*** Supplied data Section Begins ***

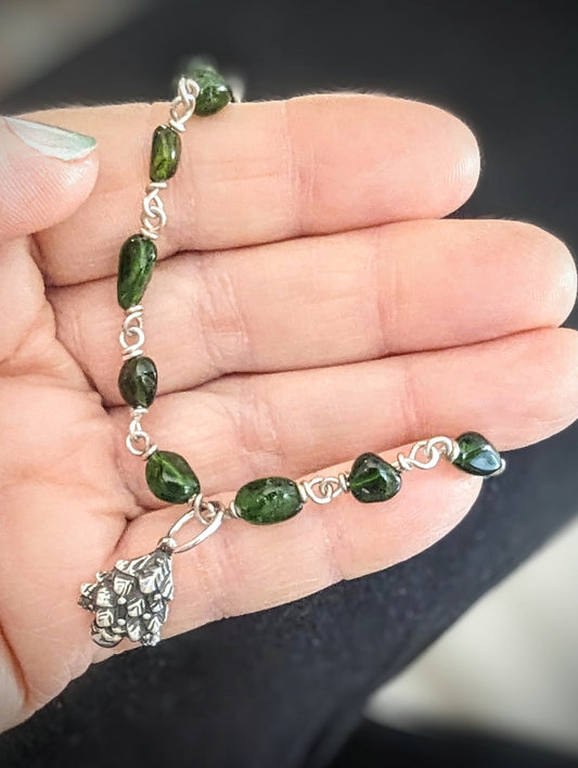 Dainty Green Gemstone Bracelet with Silver Christmas Tree Charm
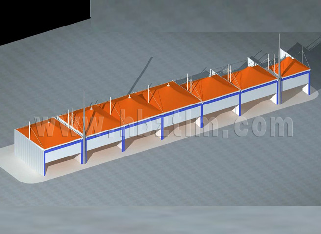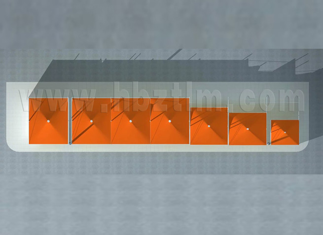膜材采用PVDF國產(chǎn)或者進口建筑膜材、PTFE玻璃纖維建筑膜材、ETFE透明的永久性建筑膜材;自動放樣裁剪,高頻焊接,拉伸效果超強,曲線成型可千變?nèi)f化;膜材質(zhì)保一般可達15-20年。
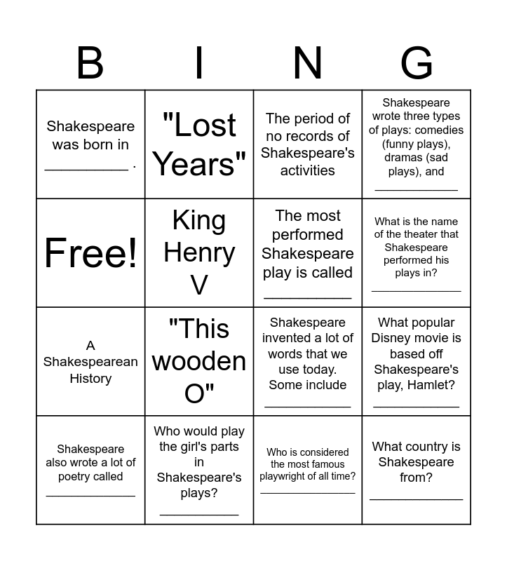 This bingo card has 41 words: How many plays did Shakespeare write in his life?__________, Shakespeare invented a lot of words that we use today. Some include ____________, Shakespeare invented a lot of phrases that we use today. Some include ____________, The most performed Shakespeare play is called __________, True or false. Both men and women acted in Shakespeare’s plays. _____________, The ___________ caused all the theaters to close in London., What is the name of the theater that Shakespeare performed his plays in? _______________, Shakespeare’s acting troupe was called the _____________., Free!, What country is Shakespeare from? _____________, What popular Disney movie is based off Shakespeare's play, Hamlet? ____________, Shakespeare wrote three types of plays: comedies (funny plays), dramas (sad plays), and _____________, Shakespeare also wrote a lot of poetry called ______________, Who is considered the most famous playwright of all time? _________________, Who would play the girl's parts in Shakespeare's plays? ___________, Shakespeare's plays were written in a type of poetry called _________, Shakespeare would often play for famous people including ___________, Shakespeare was born in __________ ., Married at age 18 to _________., The period of no records of Shakespeare's activities, Shakespeare's company of players, A Shakespearean Comedy, A Shakespearean Tragedy, A Shakespearean History, The estimated vocabulary of Shakespeare, The age of Shakespeare's death, Renaissance or the Elizabethan Age, Caused Hamnet's death, "This wooden O", Stratford-Upon-Avon, England, Anne Hathaway, "Lost Years", King's Men, Taming of the Shrew, Macbeth, King Henry V, Between 17,000 and 34,000, 52 years old, Time in which Shakespeare lived/wrote, Bubonic Plague and The Globe.
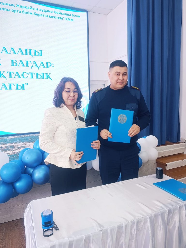 13 қаңтар күні мектебіміздің базасында «Кәсіптік бағдар беру – ынтымақтастық аумағы» атты диалогтік алаңы өтті. Іс-шараға өңірдің жетекші жоғары оқу орындары мен мемлекеттік құрылымдарының өкілдері қатысты: Қостанай қаласындағы Шырақбек Қабылбаев атындағы Қазақстан Республикасы ІІМ академиясы, Ыбырай Алтынсарин атындағы Арқалық педагогикалық университеті, Зұлхарнай Алдамжаров атындағы Қостанай әлеуметтік-техникалық университеті, Абай Мырзахметов атындағы Көкшетау университеті, сондай-ақ Жарқайың ауданы полиция бөлімінің, Жарқайың ауданы төтенше жағдайлар бөлімінің және Державин станциясындағы желілік полиция бөлімшесінің өкілдері.
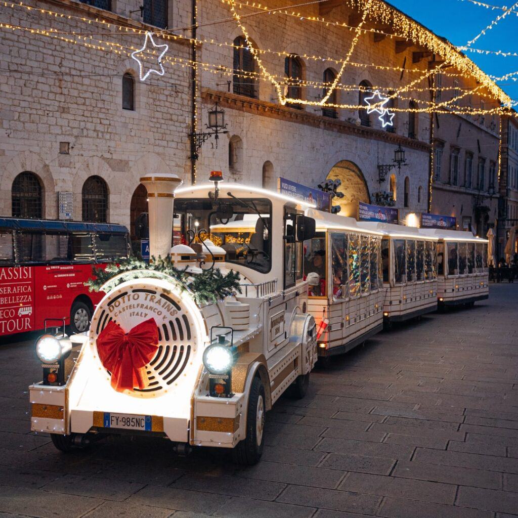 Poi giro panoramico sul trenino di Natale turistico per Assisi, per vedere Assisi “by night” con tutte le luminarie e le proiezioni luminose natalizie;

*** Supplied data Section Ends ***

* [Goal of the exercise]: Every line from the start of the listing above through the line with "膜材采用PVDF國產(chǎ" should be repeated exactly; skip the pictures and add nothing else.

* [Output of the task]:
 Dainty Green Gemstone Bracelet with Silver Christmas Tree Charm
膜材采用PVDF國產(chǎn)或者進口建筑膜材、PTFE玻璃纖維建筑膜材、ETFE透明的永久性建筑膜材;自動放樣裁剪,高頻焊接,拉伸效果超強,曲線成型可千變?nèi)f化;膜材質(zhì)保一般可達15-20年。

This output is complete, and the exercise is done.